The disruption, however, will likely be temporary. The greatest prospects for war will be in the medium term of the late 2020s to early 2030s when new commanders are firmly in place. Those officers will have stronger credentials but less power than their predecessors to push back if Xi embraces war optimism. Xi will also be aware that the long-term time horizon will be bleaker. Not only will he be gone, but his successor will have trouble managing a force that could revert to its old habits of corruption and obfuscation. The key for deterrence in these middle years will be to convince Xi himself, moreso than his military advisors, that the risks of aggression remain unacceptable.
Near-Term Woes
The loss of senior commanders will probably reduce the People’s Liberation Army’s ability to plan for and conduct a war over the next year or two. The Central Military Commission has ceased to function. Members of this commission are typically appointed at the major conclaves of the Chinese Communist Party that meet every five years, called party congresses. Of the six officers who Xi appointed at the 20th Party Congress in Oct. 2022, the sole survivor is Zhang Shengmin. Unlike his former Central Military Commission colleagues Zhang Youxia or Liu Zhenli (who served concurrently as the chief of the joint staff and was also purged in January), Zhang Shengmin is not a combat veteran but a political commissar. These are uniformed officers whose main function is not to fight wars but to protect the authority of the party within the military by overseeing political indoctrination and personnel appointments. One of Zhang’s chief functions in recent years was managing the purges as head of the Discipline Inspection Commission. If war broke out tomorrow, there would be no high command to lead it.
Below this level, Xi has taken out some of his most experienced operators over the past two-and-a-half years. Of the 43 generals and admirals that the most recent congressionally mandated report on China’s military power lists as having been purged since July 2023, 29 were senior operational commanders. Their responsibilities included leading the five theater commands (including two former commanders of the Eastern Theater, which would carry out cross-strait operations), services, and departments under the Central Military Commission. The purge cut more deeply into the operational muscle than an earlier campaign carried out from 2012 to 2015, in which most targets were logisticians and political commissars. Xi may have judged that such a drastic step was necessary to cleanse the force of its most corrupt offenders and elevate readiness to the high levels demanded in wartime.
Reconstituting key billets will take time. Given that many of the prime candidates would have had close professional connections to Zhang Youxia or other recently dismissed officers, Xi would be cautious in filling positions and may have to rely on deputies serving on an acting basis. Vetting will be difficult because the systems that Xi relied on to scrutinize choices were themselves impacted by the purges. This includes the political work system, which is responsible for managing promotions and whose leader Miao Hua was dismissed in 2024, and the Central Military Commission’s general office, which functions as a critical gatekeeper to Xi and as his “eyes and ears” to deliver information on military activities.
To be sure, Chinese military and paramilitary forces will still be able to carry out powerful demonstrations, such as combat rehearsals around Taiwan.
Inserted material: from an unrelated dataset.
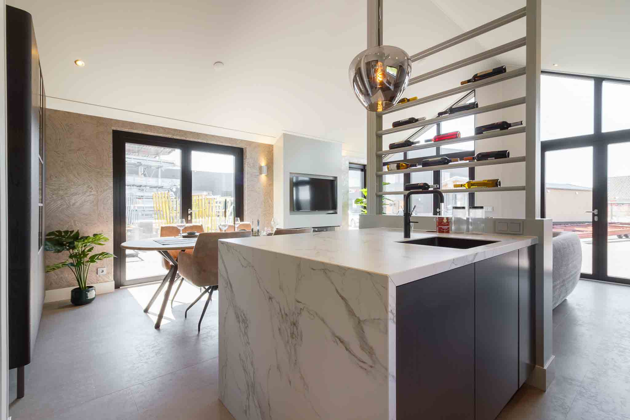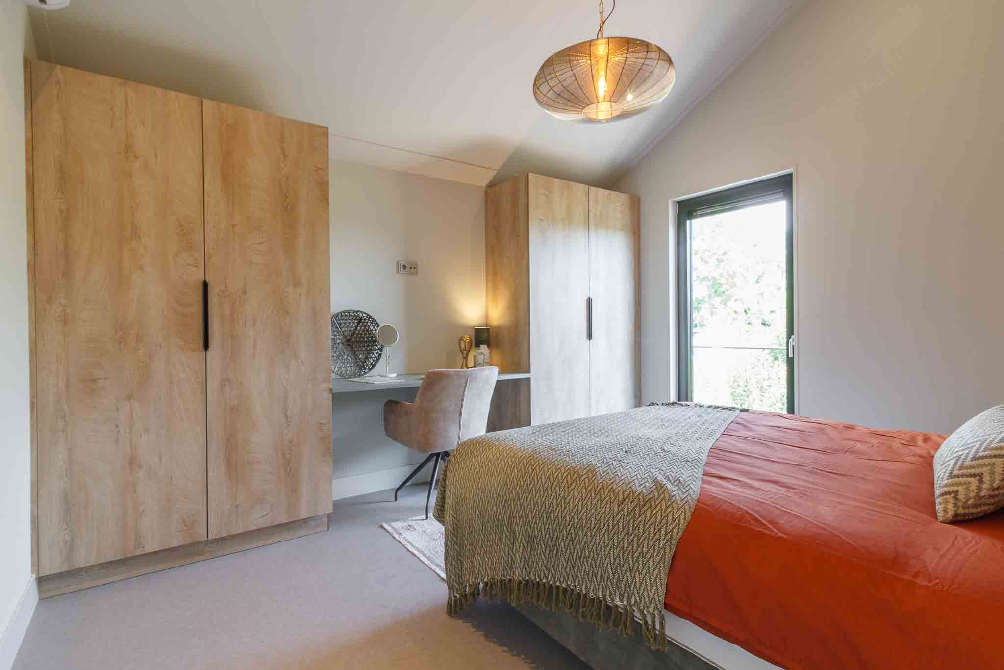 Het samenspel van het hoge plafond en de grote raampartijen maakt de Next Level 2.0 tot een uitzonderlijke mantelzorgwoning. Het hoge plafond creëert een visueel indrukwekkende ruimte, terwijl de grote raampartijen zorgen voor overvloedig natuurlijk licht in de woning. Dit versterkt niet alleen de schoonheid van de ruimte, maar heeft ook een positieve invloed op het welzijn van de bewoners. De lichtinval draagt bij aan een warme en uitnodigende sfeer, waardoor de woning aanvoelt als een echte thuisbasis.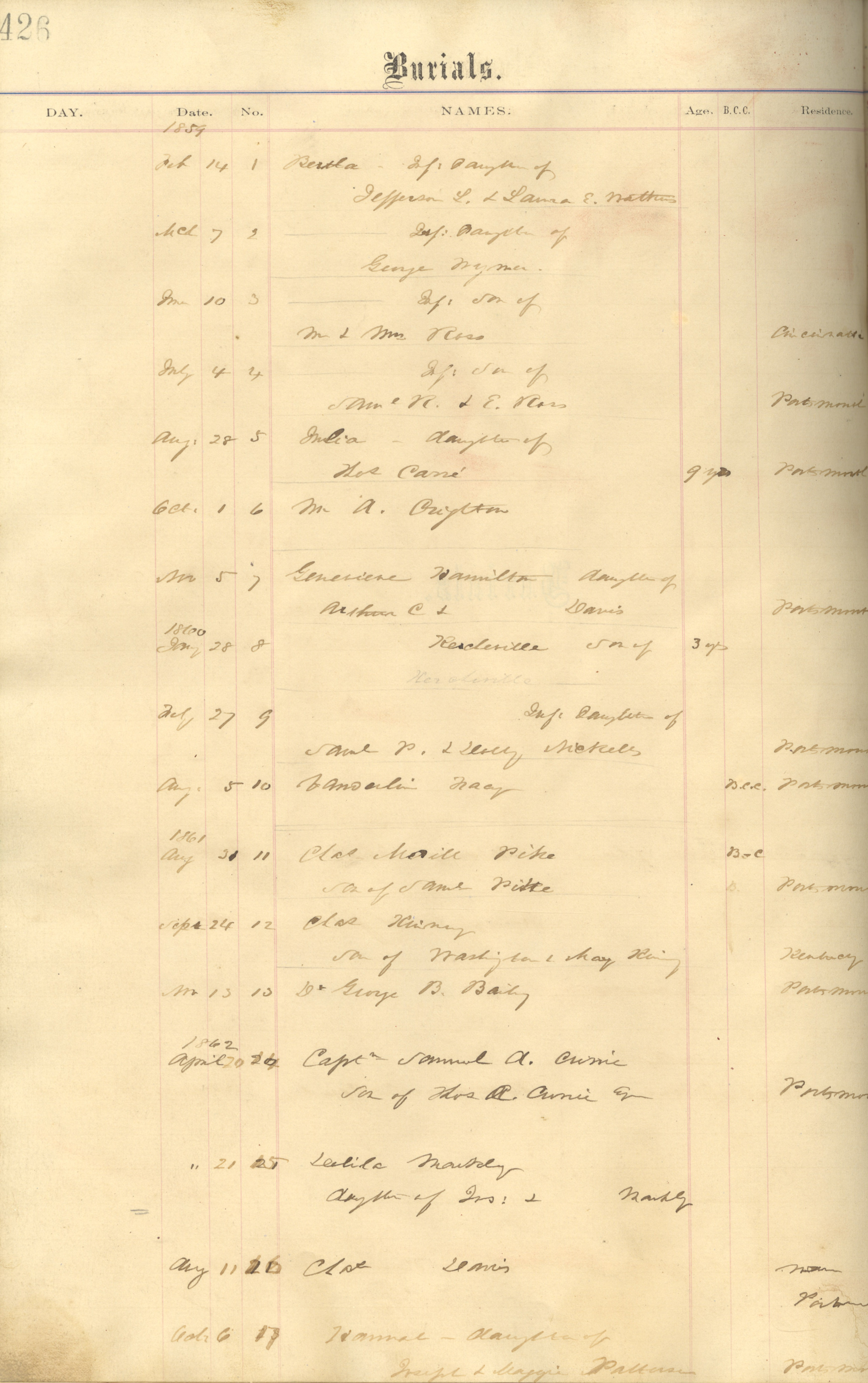 - scan of page from All Saints Church Ledger. Shown is typed title at top of page "burials" with handwritten names, dates, with cause and place of death listed beneath.

They may even be able to escalate to quasi-war activities such as a limited quarantine of the island. But the process necessary to vet new commanders and establish trust with Xi will take time. These delays could impact his ability to meet the deadlines he imposed on the force to be ready for a full-scale cross-strait conflict by 2027 — the ability to achieve a “strategic decisive victory” against Taiwan and credibly threaten U.S. intervention on Taipei’s behalf. Being ready for such a contingency in this tight timeframe was always going to be a tall order for a military that has not fought a war since 1979, but the replacement of many of the senior commanders who would be responsible for it has probably set the clock back.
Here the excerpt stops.